A screenshot of the website from Wednesday night confirmed that it had been hacked, with the message “page hacked,” but by Thursday morning, it was completely inaccessible.
Security of public data continues to raise major concerns across the globe, and even in October this year, Internet Archive went offline after a major data breach defaced the website, and left data from millions of users exposed.

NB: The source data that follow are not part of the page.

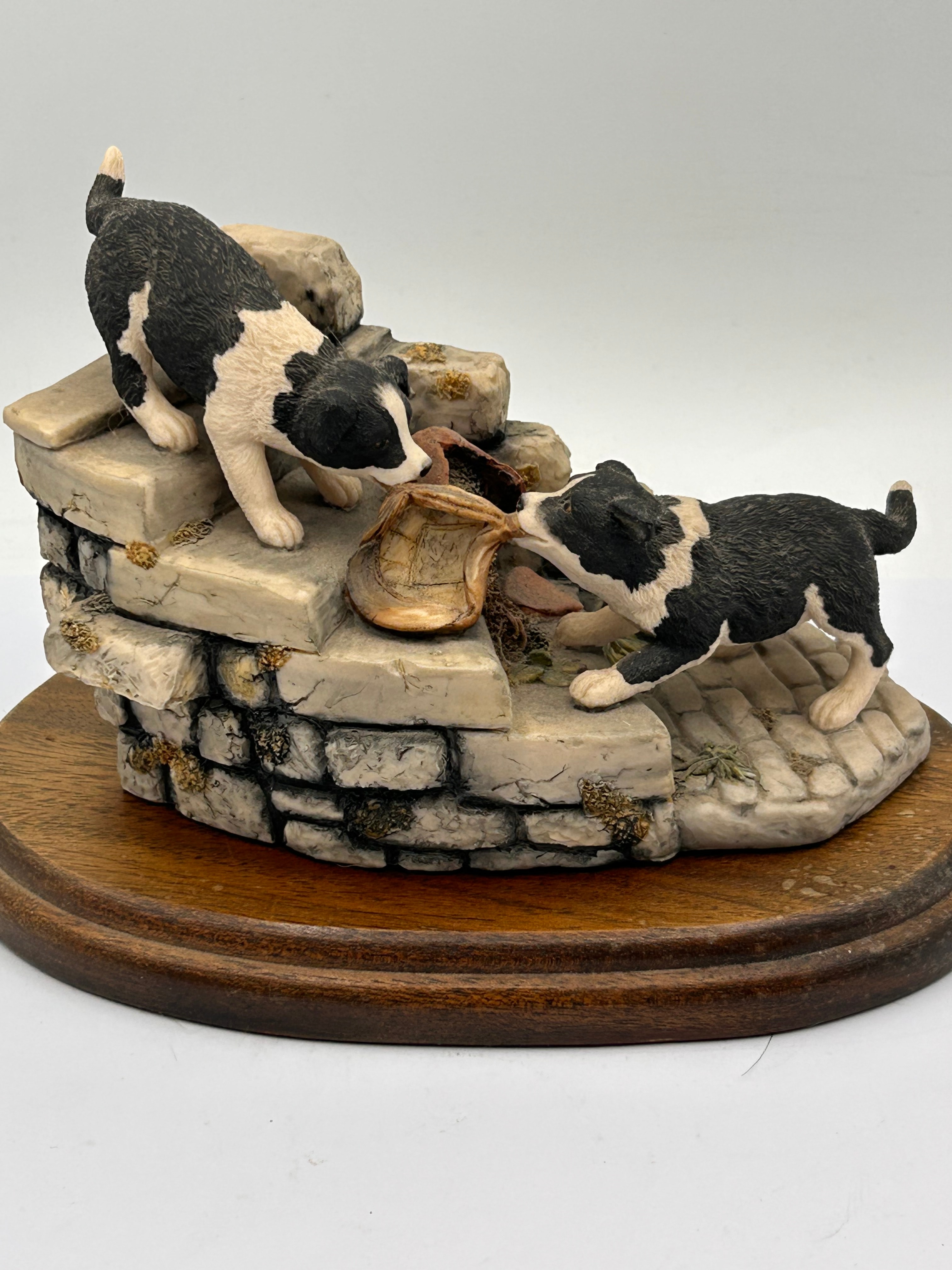 A Border Fine Arts ‘Tug o’ War’ figurine, JH61, from the James Herriot collection. This hand-painted resin or composite material piece depicts two black and white puppies, likely Border Collies, interacting with a stone-like well or pump structure featuring a bucket or trough. It is mounted on a round, stained wooden base. Visible markings on the side of the base include ‘D. Walton AP’ and ‘© JAMES HERRIOT’.
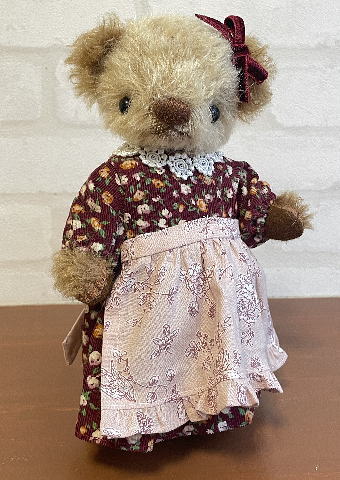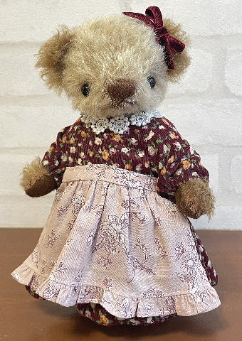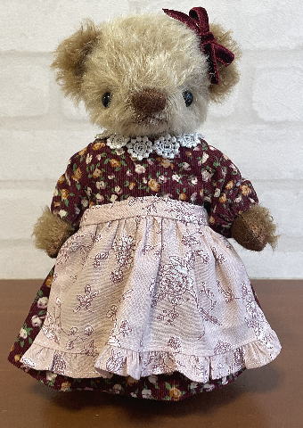 赤の花柄ワンピースに、ピンク色のエプロンは、華やかなベアちゃんに大変似合っております。
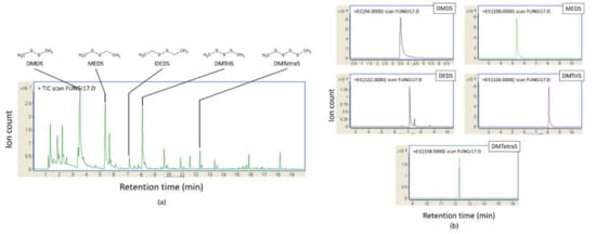 Major polysulfides produced by S. commune IFM 59347, a representative strain in which five polysulfides were detected: dimethyl disulfide (DMDS), methyl ethyl disulfide (MEDS), diethyl disulfide (DEDS), dimethyl trisulfide (DMTriS), and dimethyl tetrasulfide (DMTetraS). They are shown in the total ion chromatogram (a) and each extracted-ion chromatogram (b).
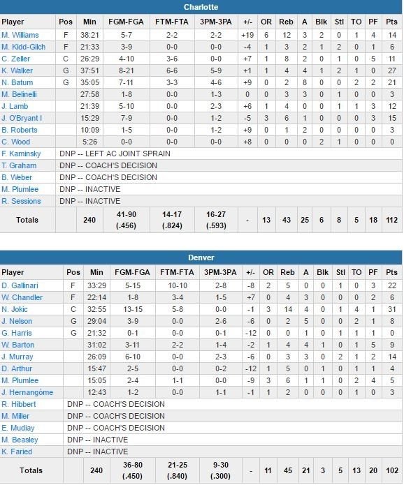 Frank Kaminsky out (épaule), les Hornets avaient besoin d’un coup de pouce et il est venu de Johnny O’Bryant (23 ans, 2,06m, signé pour 10 jours fin février), 15 points (record en carrière). L’intérieur est venu en aide à Kemba Walker (27 points à 8/21, 4 rebonds et 4 passes), Nicolas Batum (21 points à 7/11 et 8 passes) et Marvin Williams (14 points à 5/7, 12 rebonds et 3 passes) pour une victoire 112-102 à Denver.
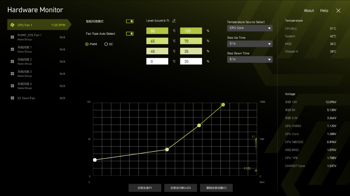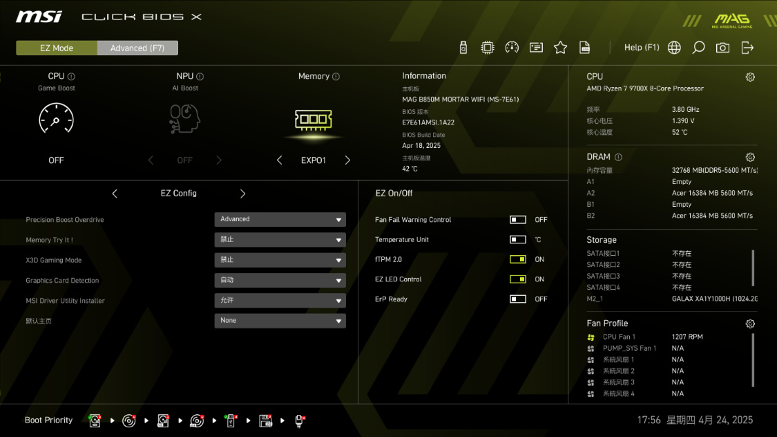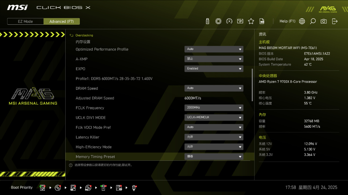 微星主板BIOS已經全新升級,各個系列在UI上也做了區隔。MAG系列的這熒光綠配色,也相當搶眼。在簡易模式下,玩家就可以對主板的內存超頻、CPU BOOST、風扇轉速等大部分功能進行設置調整,大大降低了玩家折騰超頻的難度。同時,首次開機時,主板還會提示玩家選擇不同的CPU性能設置;
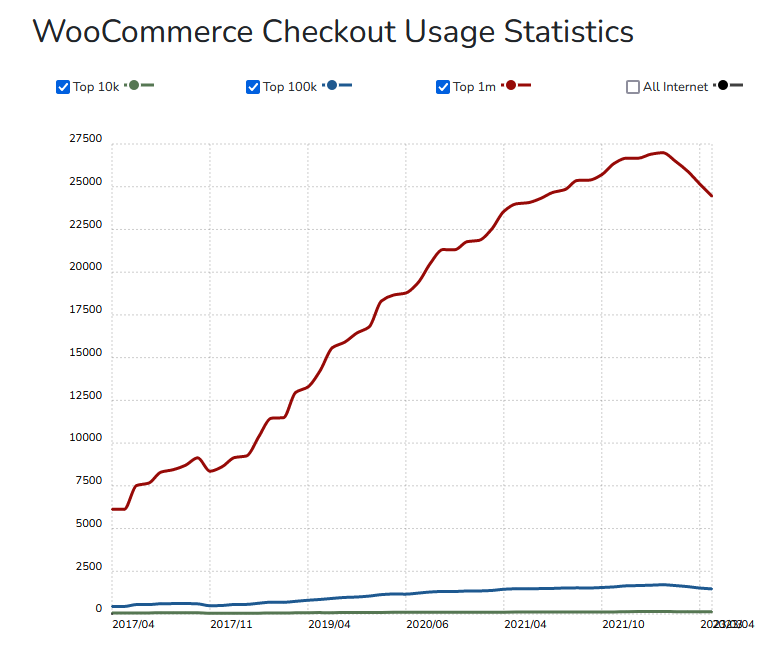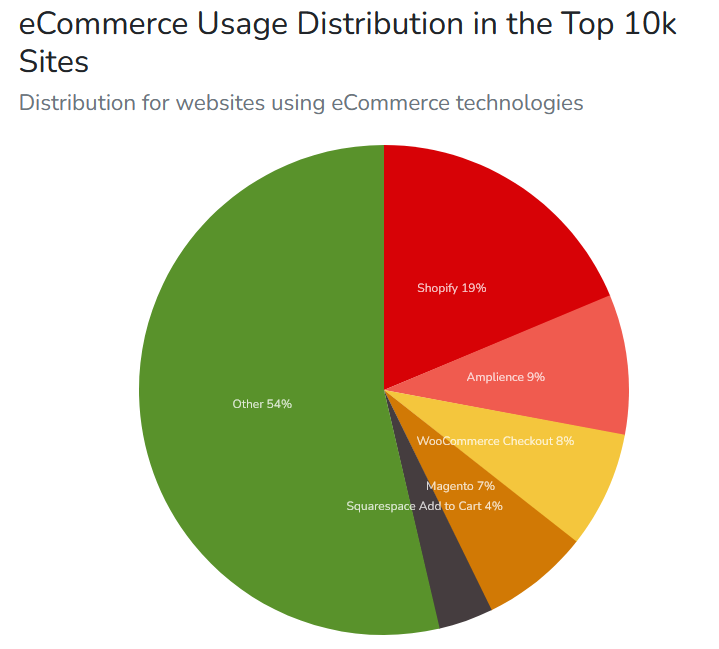 Como comparación si filtramos a los primeros 10000 sitios rankeados se observa que Woocommerce baja a la tercera posición. El gráfico quedaría:
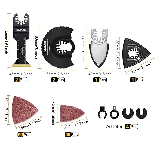 - 13 Types Of Multitool Blades: We carefully match these Multi Tool Blades Kits based on the daily use scenarios of workers. These oscillating saw blades include 13 different blades, 4 pads, and 100 sandpapers, meeting all your daily cutting needs.
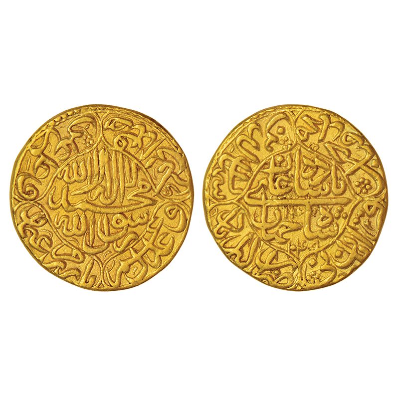 Shah Jahan (1628-1658 AD), gold mohur, Akbarabad mint, AH 1049/RY 13, KM 258.1, 23.02mm, 10.81g. Obv: Kalima within quatrefoil with names of four Rashidoon caliphs and their titles - bi-sudq abu bakar, wa adil umar, bi-azram uthman and wa ailm 'Ali in the margin. Rev: Persian legend Shah Jahan Badshah Ghazi with AH date and RY within quatrefoil; ruler's title & mint name in the margin.
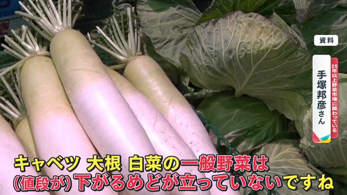 キャベツ・大根・白菜なんかの一般野菜は(値段が)下がるめどが立っていないですね。
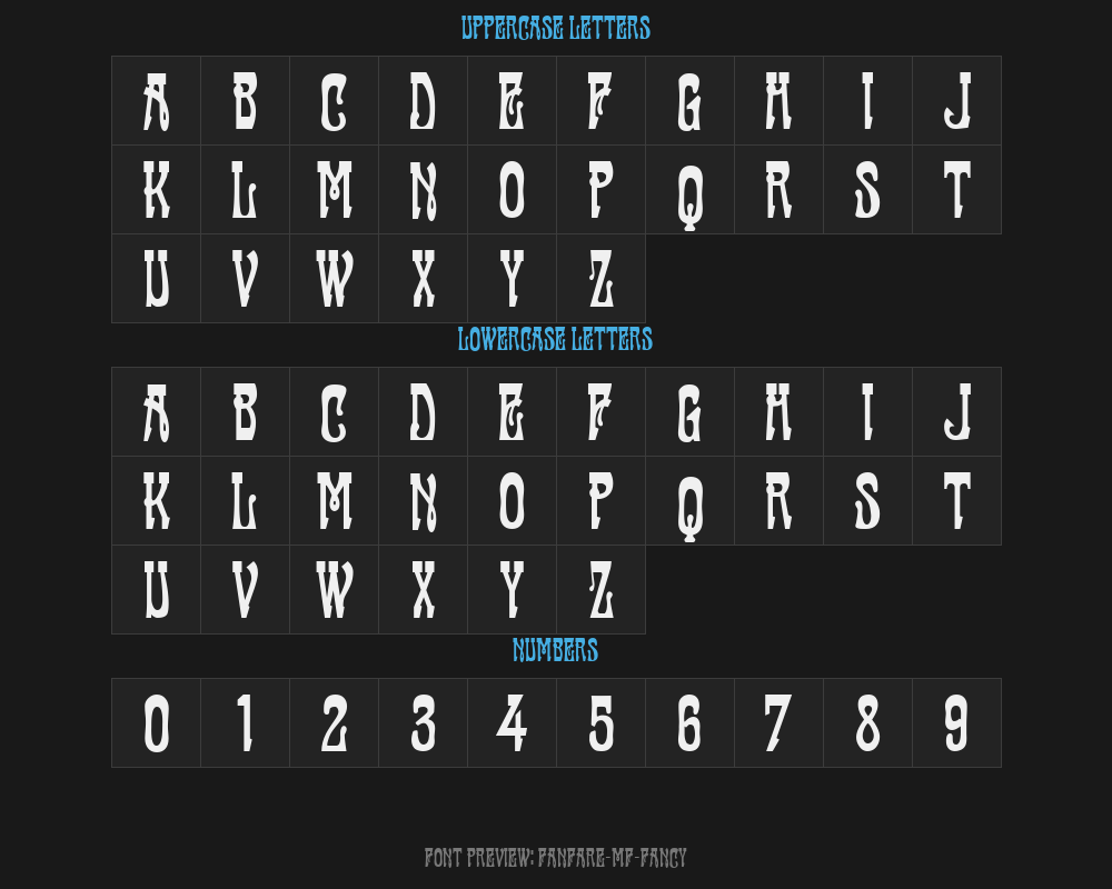 fanfare-mf-fancy is a font file with a size of 0.03 MB. The full font name is Fanfare MF Fancy, Macromedia Fontographer 4.1.3 9 15 05 version. It contains 207 characters, supports 8 Chinese characters. The copyright belongs to Fanfare MF. fanfare-mf-fancy font is available for free download, but commercial use requires confirmation on the Fanfare MF official website whether it's free for commercial use.
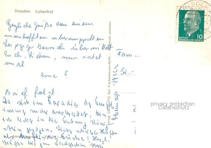 73739142 DRESDEN Elbe Luisenhof Gastraeume postalisch gelaufen Erhaltung siehe scans [FriedD77] alte Postkarte Frie Katcode 11110014262000
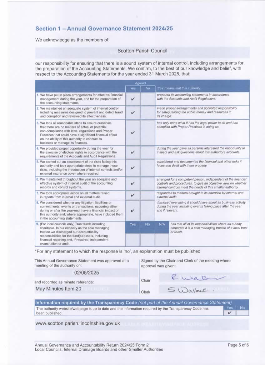 2024-25 AGAR Annual Governance Statement
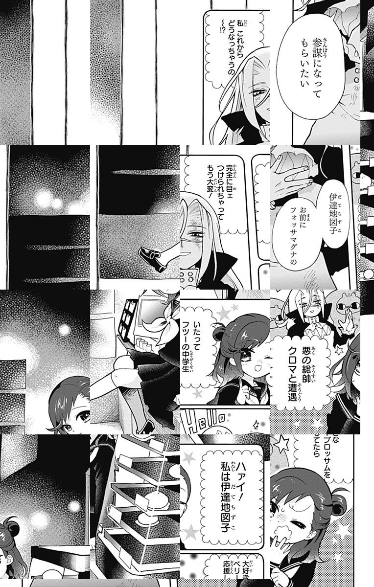 <完結済み>悪に堕ちる(アクロトリップ)。オタ活のために! 新潟県奈仁賀市に住む伊達地図子は、街を守る魔法少女(ベリーブロッサム)を愛するオタク少女。しかし、肝心の悪の総帥・クロマがヘタレでヨワ過ぎるため、もはや誰も二人の戦いを気にしていなかった。「魔法少女をもっと輝かせたい…!」その欲望(?)が、内気な中学生を、変なヤツば~っかりの悪の道へ導いてしまう…『りぼん』で大反響を巻き起こしている新感覚・悪堕ちコメディ!
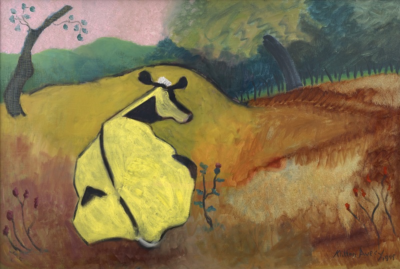 米尔顿·艾弗里 (Milton Avery) 热爱自然,经常用他活泼、有时甚至是超现实主义的调色板模糊现实的界限。安静幽默的田园风光有一头大黄牛在田野里安静地休息,背景是起伏的山丘。母牛的骨骼解剖结构仅用几条粗线条定义,在场景中占主导地位。它躺着,背对着我们。看起来柔软而圆润的黑色耳朵被一小簇白色的头发隔开,就像它头部两侧的触角一样。艾弗里在他的画作中有两个想要实现的目标,并评论说:“我试图构建一幅画,其中形状、空间和 [和] 颜色形成一组独特的关系,独立于任何主题。同时,我试图捕捉和翻译原始想法的影响所引起的兴奋和情感。”
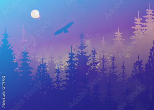 Winter Watercolor Landscape Night Sky Sunset And Forest Abstract
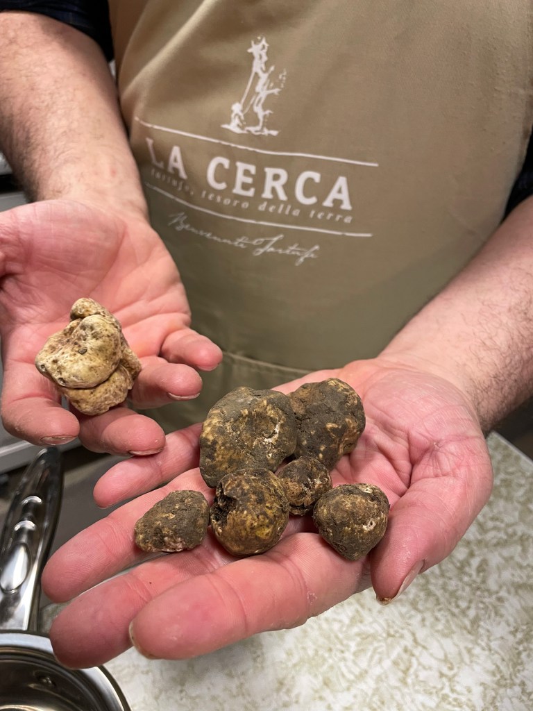 Qui Alessandro e sua moglie, ci hanno preparato piatti a base di tartufo dandoci l’opportunità di gustare le cinque differenti tipologie: il bianchetto, il bianco pregiato, il nero pregiato, l’uncinato e il brumale.

NBS is Nigeria’s National Statistical Office, responsible for collecting, interpreting, analysing and managing official statistics. The bureau collaborates with governmental and non-governmental bodies to maintain an official socio-economic Data Bank for Nigeria.
Other data breaches that occurred in 2024
This is Nigeria’s third reported hack of websites carrying sensitive government information, in 2024 alone.
Legit.ng reported that the Nigerian Identity Management Commission (NIMC) website was breached in June 2024, leading to unauthorized access of Nigerians’ National Identification Number (NIN), Bank Verification Number (BVN), International Passport, and other data.
The Nigeria Data Protection Commission and National Identity Management Commission launched an investigation into the matter to find out if any of the commission’s tokenisation verification agents had violated the specified terms of their licenses.
Websites such as the idfinder.com.ng, Verify.Ng/sign in, championtech.com.ng., trustyonline.com, and anyverify.com were uncovered and some of these websites were found to be selling the data to third parties for as low as N190.
Given the allegations that NIMC partners involved in registration may be responsible for causing the breach, all front-end partners were prohibited from enrolling NINs.